June 2014. Nest buys Dropcam. Google owns Nest.
http://www.forbes.com/sites/marcoch...isition-of-dropcam-scares-the-heck-out-of-me/
Its nice to see that they are upgrading their cams...though dropcam will never be a replacement for personal vms servers unless they lower the cost of recording...300 a year for 30 days of recording is way too much...150 for each additional camera...and add outdoor cams..if all the user wants is a single indoor camera and 10 days of recording then 100 a year is not all that terrible..but for multiple cameras it adds up fast.
Its nice to see that they are upgrading their cams...though dropcam will never be a replacement for personal vms servers unless they lower the cost of recording...300 a year for 30 days of recording is way too much...150 for each additional camera...and add outdoor cams..if all the user wants is a single indoor camera and 10 days of recording then 100 a year is not all that terrible..but for multiple cameras it adds up fast.

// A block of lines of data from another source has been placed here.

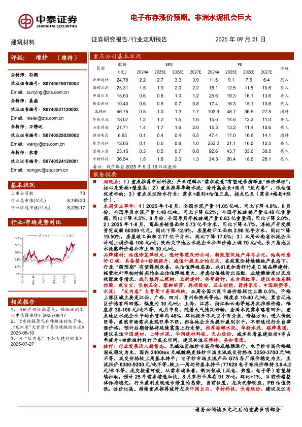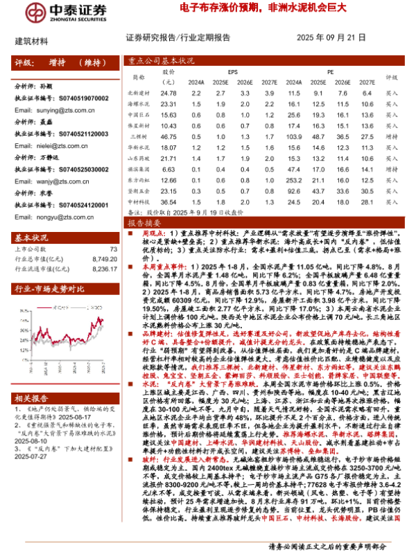 【中泰证券】【202509】建筑材料-电子布存涨价预期,非洲水泥机会巨大-19页
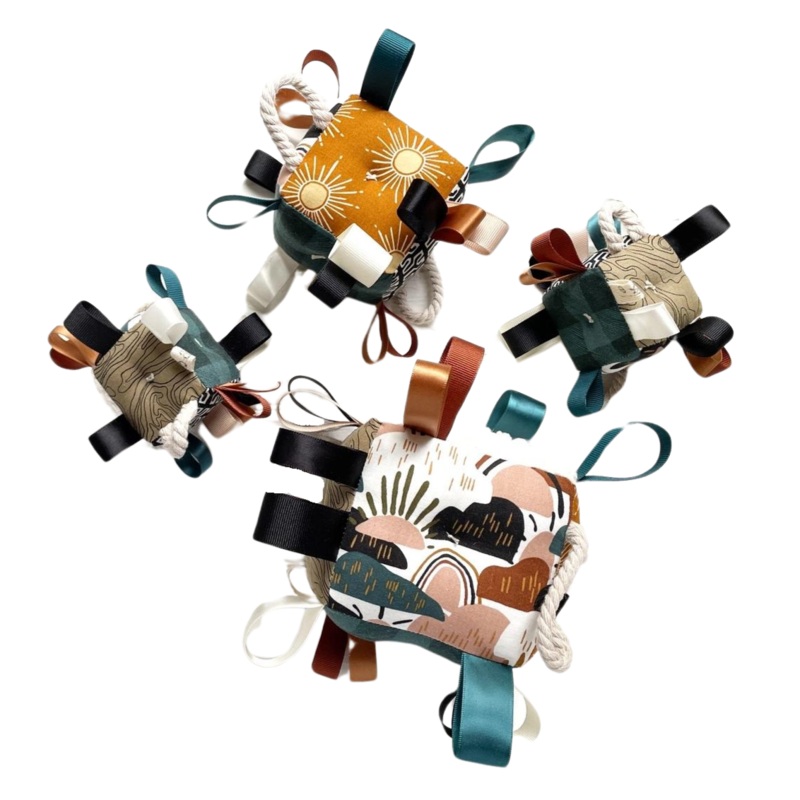 Earth tone baby block with ribbons and a rattle, including rainbows, dark plaid, signs, and energetic visual patterns. Constructed with modern, cotton fabrics, that are pleasant for all to see. Sensory engagement: ribbons for fingers & mouths, visual movem
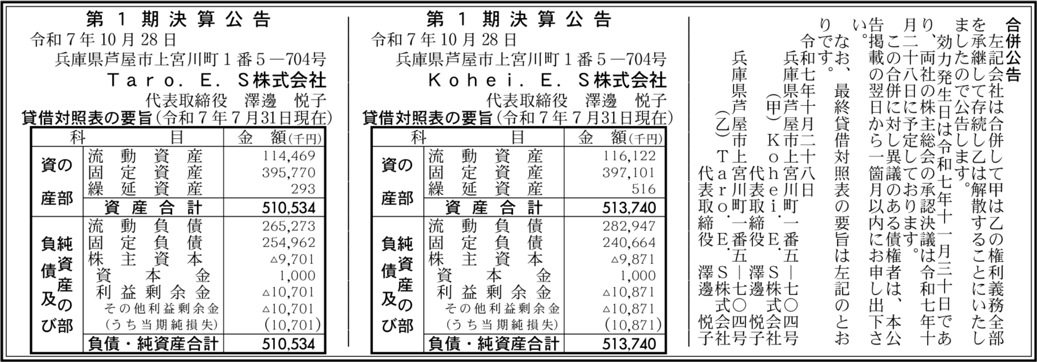 | Taro.E.S株式会社 兵庫県芦屋市 【2025年7月期】 | △1,070万1,000円 | △1,070万1,000円 | 5億1,053万4,000円 |
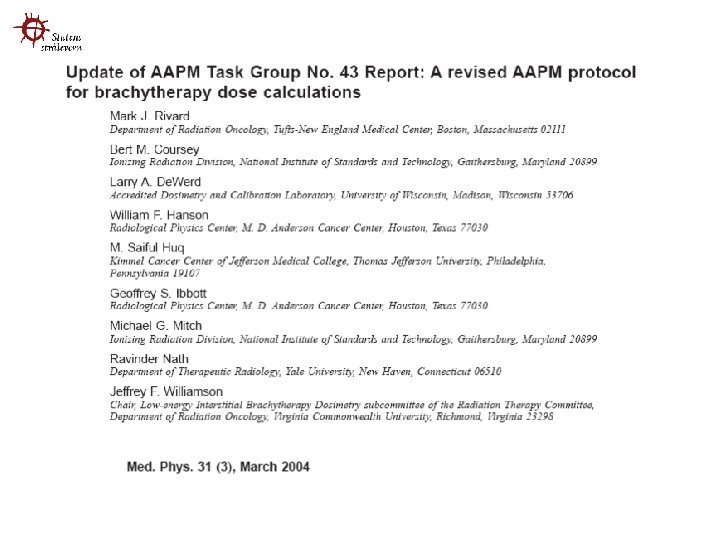 Hvor finner man TG 43 -data? ? ? AAPM-TG 43 formalisme Hver enkelt type kilde har et eget datasett: Monte Carlo beregninger og oppmålinger gir data for implementering i doseplansystem Eksempel:
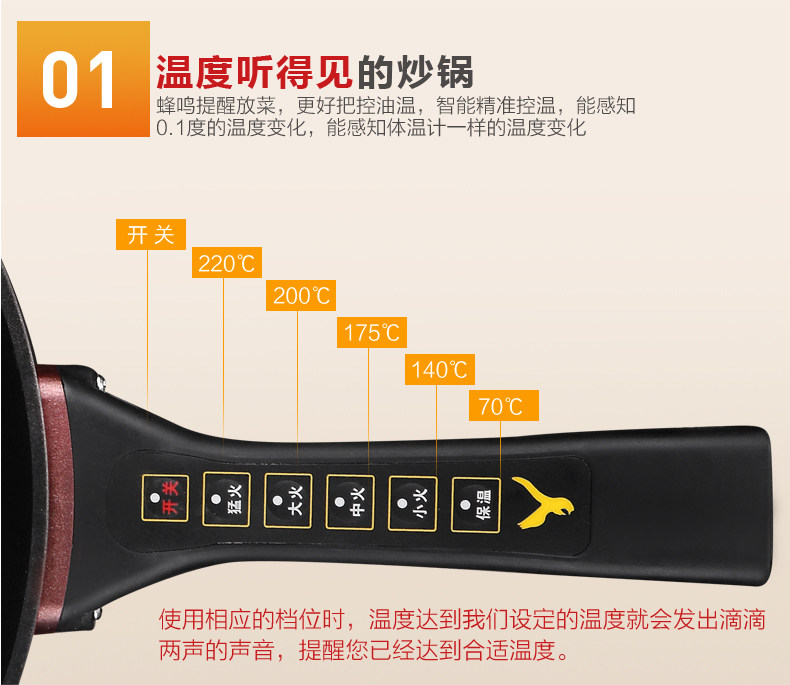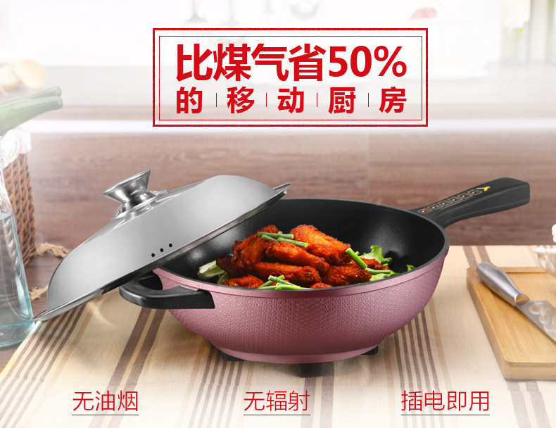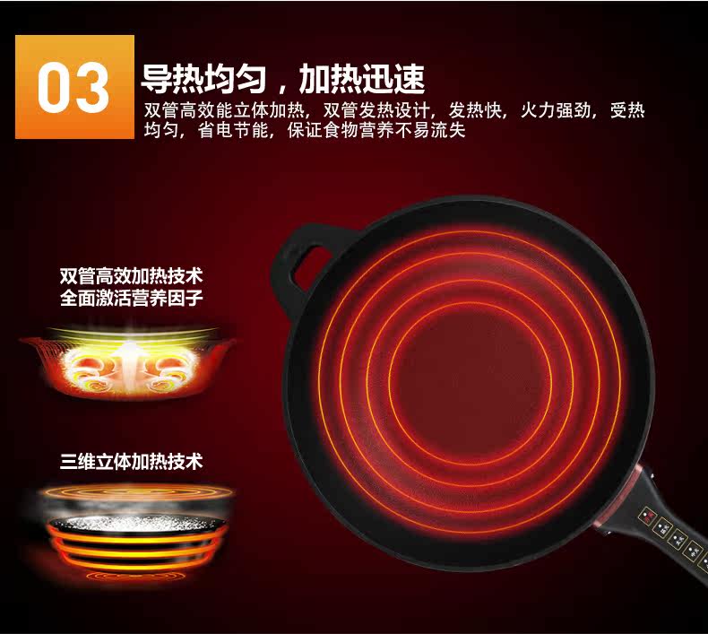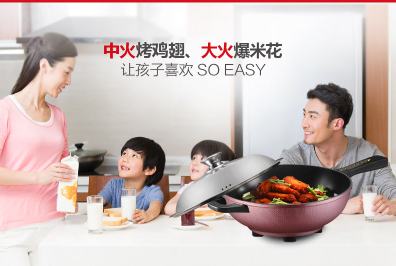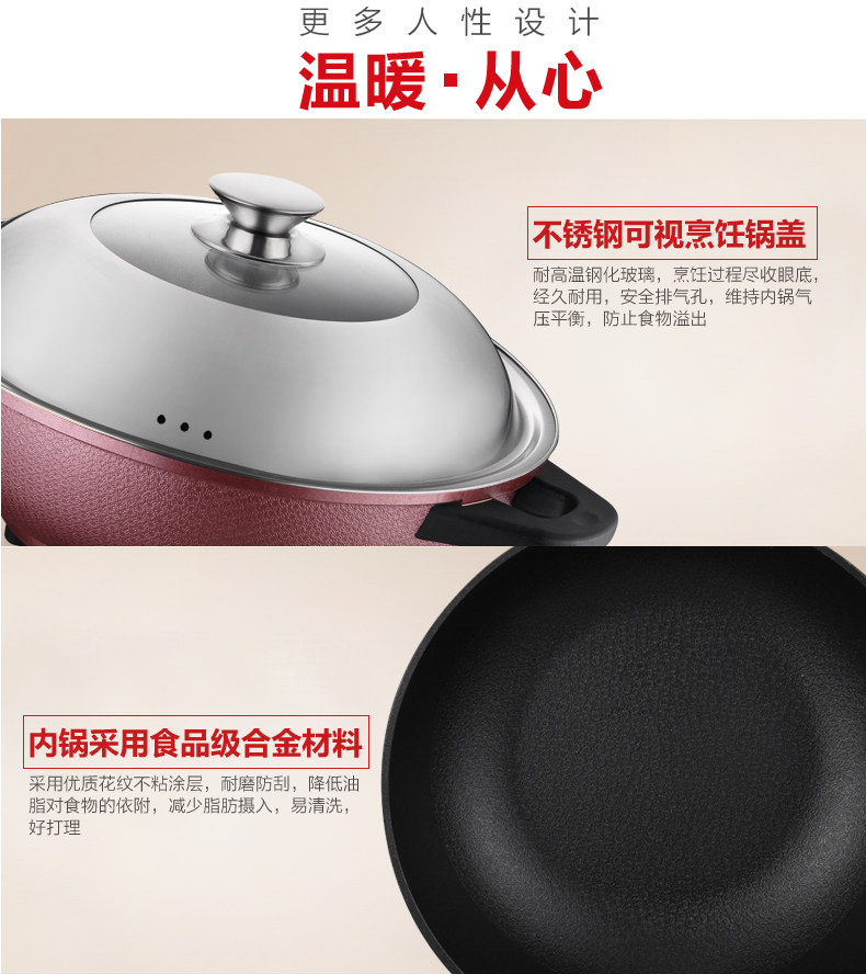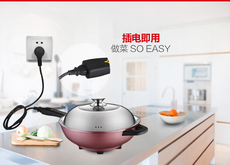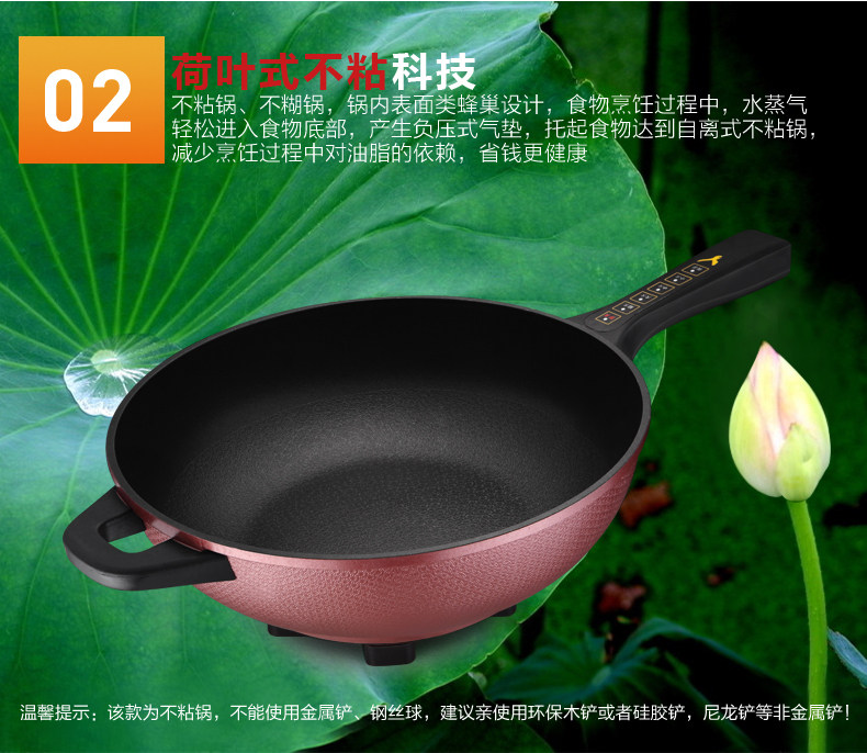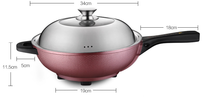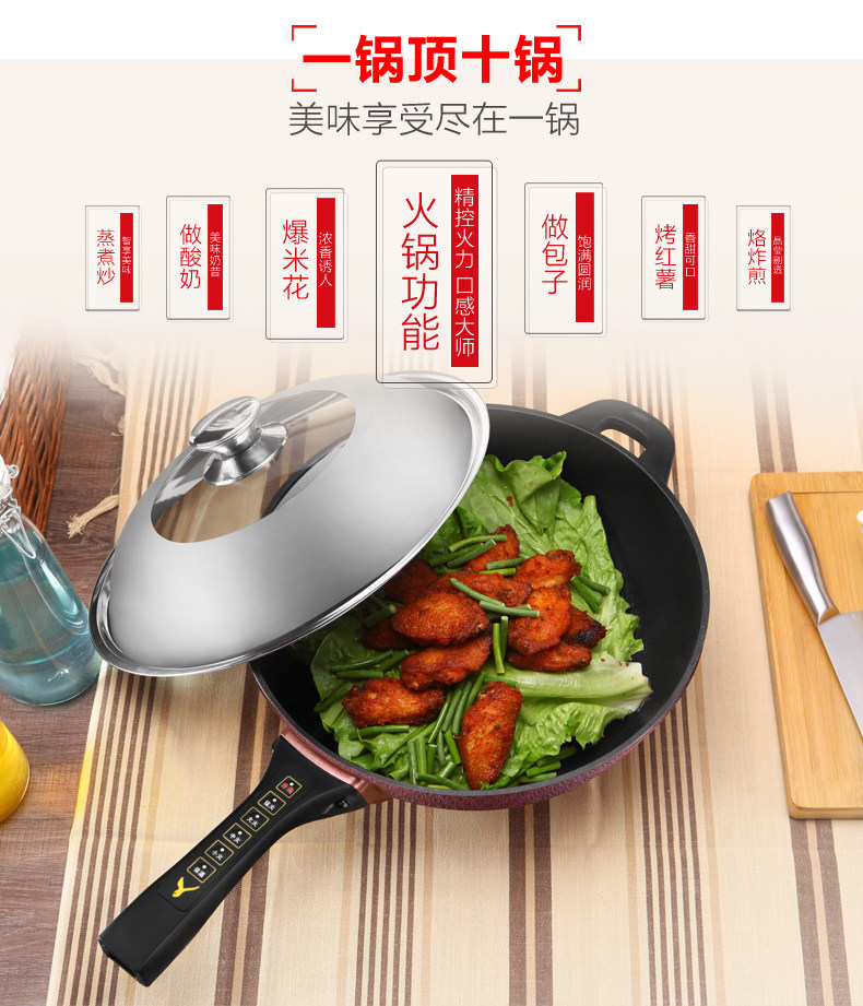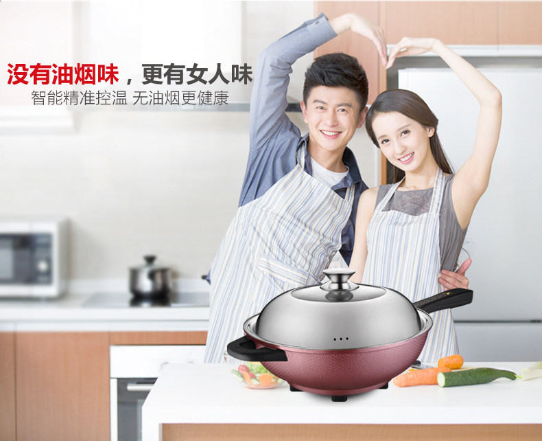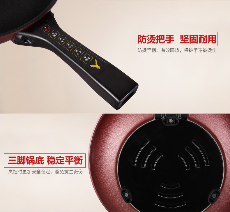 本款电炒锅有智能控温功能,当某个档位温度超过系统设定温度时,电炒锅会自动断电,不会因为温度过高产生致癌物质,同时保护电炒锅,当温度下降到额定温度时,电炒锅会自动重新开始加热。

I agree that its not ideal for most installs..but for a single camera system for a non techie who only needs 10 days of recording its the most efficient way to do it and have the video upload to the cloud with no additional hardware...Zero control is what these type of people need...they dont want to make any decisions...they want to plug it in and have it work...I call it the stupid tax...If it is anything like Nest, there will be pretty much zero control over how it operates.
And don't get me started on "the cloud". I pay SugarSync $90/year for 250 GB. (Haven't shopped this for a while, so this may not be a great deal anymore.). It would take me less than a minute to set up my BI folder to sync to SS. (Open SS, click add folder, browse to the BI folder, click OK...done). The person that re-branded remote file hosting and thin client as "the cloud" is the marketeer of the century.
I pay SugarSync $90/year for 250 GB. (Haven't shopped this for a while, so this may not be a great deal anymore.).
Nice..That is not terrible, but not great anymore. Google Drive and Dropbox pricing is comparable, but Microsoft OneDrive blows it away. With an Office 365 Personal subscription ($70/year) you get 1 TB which is apparently soon to be bumped up to "unlimited" storage.
Sources:
https://preview.onedrive.com/
https://onedrive.live.com/about/en-us/plans/
That is not terrible, but not great anymore. Google Drive and Dropbox pricing is comparable, but Microsoft OneDrive blows it away. With an Office 365 Personal subscription ($70/year) you get 1 TB which is apparently soon to be bumped up to "unlimited" storage.
Sources:
https://preview.onedrive.com/
https://onedrive.live.com/about/en-us/plans/
I wouldn't be surprised to see that MS has small print that says you can only store Office documents in the One Drive account.